Metadata-Version: 2.1
Name: variation-number
Version: 0.2.0
Summary: A package for computing variation numbers
Author: Jiaying Lai
License: UNKNOWN
Platform: UNKNOWN
Requires-Python: >=3.7
Description-Content-Type: text/markdown
License-File: LICENSE
Requires-Dist: bio (>=0.4.1)
Requires-Dist: numpy (>=1.18.5)
Requires-Dist: scikit-bio (>=0.5.5)
Requires-Dist: beautifulsoup4 (>=4.7.1)

# Variation Number

A package for calculating the variation number of nucleotide/protein sequence using sequence orthologs.

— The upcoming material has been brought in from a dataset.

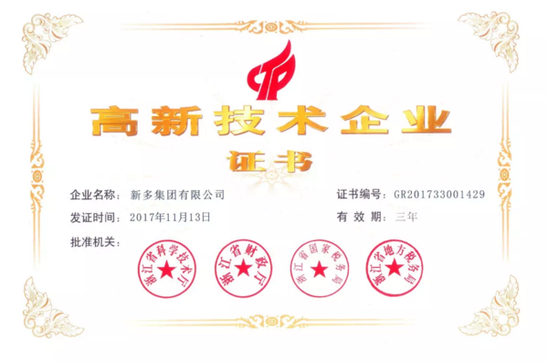 近年來(lái)新多集團(tuán)榮獲了諸多高含金量的榮譽(yù),

Characteristic Attribute Organization System (CAOS) discovers rules associated with a given phylogenetic tree. A pure (Pu) rule or character attribute (CA) is a state that exists in all elements of a clade but not the alternate clade; a private (Pr) CA is present in some members of a clade but absent in the alternate clade. A variation number (VN) is defined as the number of occurrences of a position as a CA in all the tree clades.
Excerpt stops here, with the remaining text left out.